We can never really be sure of what was in the minds of the creators of Newgrange and similar Neolithic sites in Ireland, Britain and Continental Europe, as they built these awesome monuments to life, death and resurrection.

Inevitably Newgrange will forever keep its secrets; while this and future generations will continue to wonder about them.
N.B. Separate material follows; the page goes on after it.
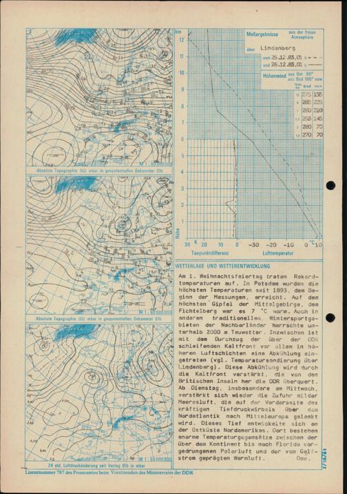 Täglicher Wetterbericht des Meteorologischen Dienstes der Deutschen Demokratischen...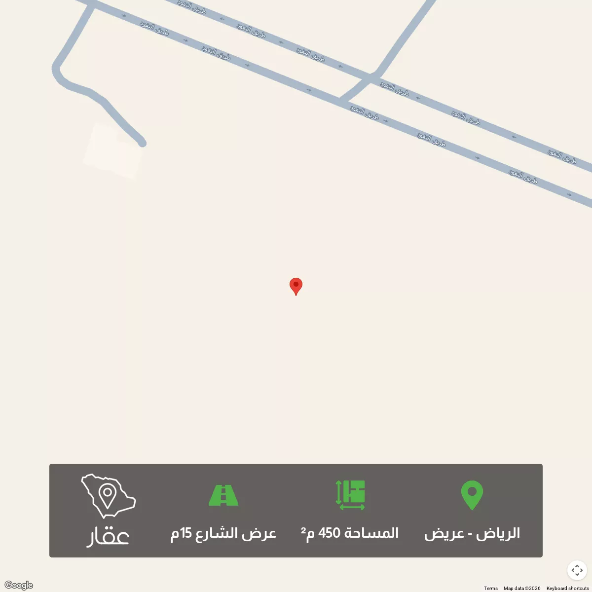450 م² أرض في عريض، الرياض معروضة بسعر ٣٦٠٬٠٠٠ ريال، أقل بنسبة 10% من متوسط سعر الحي البالغ ٣٩٩٬٦٠٠ ريال. بناءً على 653 عقار مشابه.

Solstice place, cave of Death
Sun's abode on darkest day
Passing aeons
 have never changed
The yearly tryst
 to light your walls

The world in death looks back in mourning
Looks out expectant
 to new Spring dawning
No Resurrection without a birth

A Christmas pledge in lightened tomb?

Newgrange and its associated Neolithic sites of Knowth and Dowth in the Boyne valley are now a UNESCO World Heritage site called Bru na Bóinne, which shares many characteristics with similar but much smaller Neolithic sites in Orkney (Maeshowe), Wales (Bryn Celli Ddu), and Brittany in France (Gavrinis).

Note - Newgrange gets its modern name from the fact that by 1142 AD, the site had become part of the nearby Cistercian Mellifont Abbey farm. Such farms were known as “granges”. By the 14th century the site was known as the 'New Grange'. In early Irish mythology, Newgrange was not only considered the burial place of the prehistoric kings of Tara, but also the home of a race of Irish supernatural beings, known as 'Tuatha de Danann' : the people of the goddess Danu. Newgrange was also considered in preChristian times to be the house of the patriarchal god Dagda.

Arthur Russell, author of this post; is a native of Co Meath, Ireland. He is author of the Historic fiction book ‘Morgallion’ which was published in April 2012. ‘Morgallion’ tells the story of Cormac MacLochlainn and his exploits during the invasion of Ireland by Edward Bruce, brother of King Robert of Scotland, in 1314.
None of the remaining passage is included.